WaveDM: Wavelet-Based Diffusion Models for Image Restoration
Yi Huang, Jiancheng Huang, Jianzhuang Liu, Mingfu Yan, Yu Dong, Jiaxi Lv, Chaoqi Chen, Shifeng Chen
TL;DR
This work addresses the slow inference of diffusion-based image restoration by transferring diffusion modeling to the wavelet domain, where input size is reduced and frequency content is separated. WaveDM uses a low-frequency diffusion process conditioned on degraded-wavelet spectra, complemented by a lightweight High Frequency Refinement Module, and employs Efficient Conditional Sampling to reduce the total steps to around $5$. The approach achieves state-of-the-art results on twelve restoration tasks while matching the speed of traditional one-pass methods and exceeding $100\times$ speedups over vanilla diffusion models. The method demonstrates strong generalization across diverse degradations and emphasizes practical impact by balancing restoration quality with computational efficiency, though it requires lengthy training and large-scale data for best performance.
Abstract
Latest diffusion-based methods for many image restoration tasks outperform traditional models, but they encounter the long-time inference problem. To tackle it, this paper proposes a Wavelet-Based Diffusion Model (WaveDM). WaveDM learns the distribution of clean images in the wavelet domain conditioned on the wavelet spectrum of degraded images after wavelet transform, which is more time-saving in each step of sampling than modeling in the spatial domain. To ensure restoration performance, a unique training strategy is proposed where the low-frequency and high-frequency spectrums are learned using distinct modules.

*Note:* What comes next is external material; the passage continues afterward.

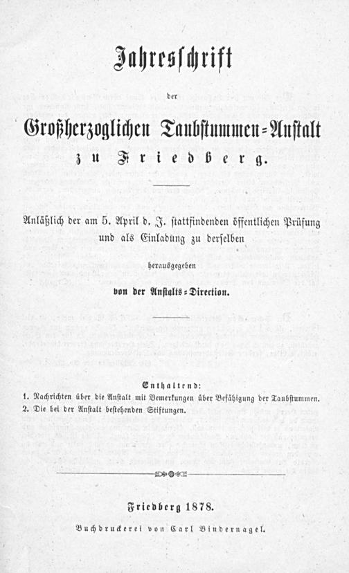 Jahresschrift der Großherzoglichen Taubstummenanstalt zu Friedberg

In addition, an Efficient Conditional Sampling (ECS) strategy is developed from experiments, which reduces the number of total sampling steps to around 5. Evaluations on twelve benchmark datasets including image raindrop removal, rain steaks removal, dehazing, defocus deblurring, demoiréing, and denoising demonstrate that WaveDM achieves state-of-the-art performance with the efficiency that is comparable to traditional one-pass methods and over 100$\times$ faster than existing image restoration methods using vanilla diffusion models.